An adult male jaguar nicknamed “Short-Tail” (due to his partially missing tail) was caught on camera in both Belize and Guatemala, making him the first individual confirmed to cross the international boundary between the two countries.
Wildlife Conservation Society (WCS) scientists published their observation in CATnews, the newsletter of the Cat Specialist Group, a component of the Species Survival Commission of the IUCN. The researchers say this finding highlights the importance of international, transboundary collaboration to study and protect jaguars.
Jaguars (Panthera onca) are listed as near threatened on the IUCN Red List. According to the big cat conservation NGO Panthera, the species may be elevated to “vulnerable” in the coming year.
Jaguars are threatened by habitat loss, deforestation, loss of prey, and illegal hunting.

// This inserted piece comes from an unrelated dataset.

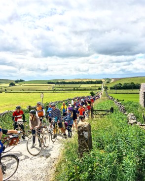 Sunday came. We all stuffed breakfast down and set off to the start line aiming to head off for half eight. After parking and unloading the bikes we were there or there about on time. Riding into the show ground we flashed our wristband and headed for the start. Lining up for an obligatory pre-ride photo we waited for our turn, then we were off. Heading out under the gantry, out of the gates, and down a disused railway line to churn our first few miles. We had a mix of abilities and bicycles on the day and the 60 miler proved a little too much for both bike and rider for a couple of us, with one bike going through two sets of brake blocks in 15 miles!!! that just goes to show the amount of climbs in the Peak District (plus you can’t take the look of a bikes brake blocks as a guide to their longevity!). We decided to find our way back to the 30 mile loop and join that, and by the number of people that had loaded up the fuel stop at Moneyash we weren’t alone! They even ran out of sandwiches due to the number of 60 mile dropouts.

Driven by demand in China, jaguars’ fangs, claws, heads and genitals are trafficked for use in traditional Chinese medicine and as ornaments. Ayahuasca tourism drives some trafficking of jaguar parts in South America.
Short-Tail was first photographed in Belize in 2009 with his whole tail and then with most of it missing (for unknown reasons) in 2011. He was caught on camera trap in Guatemala in 2013 and then returned to Belize in 2014. But it wasn’t until a conference in 2018 that researchers realized this was the same animal, and the first recorded transboundary jaguar in the region.
“We were surprised and delighted when we saw that ‘Short-Tail’ was photographed by other researchers,” Rony García-Anleu of WCS’s Guatemala program and the paper’s lead author, said in a statement. “This highlights the importance and potential for collaborative work between Belize and Guatemala and across the Maya Forest region.”
The Maya Forest spans from Colombia to Mexico, covering an area three times the size of Switzerland. One of the five great Mesoamerican forests, the region is a critical area for jaguars and other wildlife, including the endangered Central American spider monkey or Geoffroy’s spider monkey (Ateles geoffroyi) and Baird’s tapir (Tapirus bairdii), as well as the critically endangered Central American river turtle (Dermatemys mawii).
The government of Belize approved a proposal to protect the Maya Forest corridor in 2019. If secured, it would be the largest contiguous area of forest in Central America. However, it may be some time before this key stretch of forest is legally protected.
Jaguars live in 18 Latin American countries. In 2018, 14 of those countries signed a plan to protect 30 high-priority jaguar conservation areas and corridors by 2030, including the Maya Forest. Conservationists hope to protect jaguar habits well before the animal reaches the endangered status of some of its relatives such as tigers and some subspecies of leopards.
Transboundary jaguars have also been reported between Argentina and Brazil, and along Paraguay’s borders with both Bolivia and Brazil. Jaguars fitted with GPS collars moved between Guatemala and Mexico, crossing over the Usumacinta River into the same forest where Short Tail was documented.
Due to their large ranges, jaguars were listed in Appendices I and II of the Convention on Migratory Species (CMS) in February 2020, which aims to strengthen conservation efforts for listed species.
“The fact that jaguars have been more resilient and, in many ways, more lucky in their survival than other big cats is EXACTLY why we should focus our attention and conservation efforts on them,” Alan Rabinowitz, the late co-founder of Panthera, the big cat conservation nonprofit, said in a 2014 interview with Mongabay.
“The jaguar can teach us valuable lessons about how we can save other more threatened species and how humans, themselves, can better survive a very uncertain, turbulent future.”
García-Anleu, R., Kelly, M. J., Meerman, J., Nipko, R. B., Holcombe, B., McPhail, D., … Polisar, J. (2020). Short-tail jaguar: The need for transboundary collaboration across the Maya Forest. CATnews, 71, 38-40.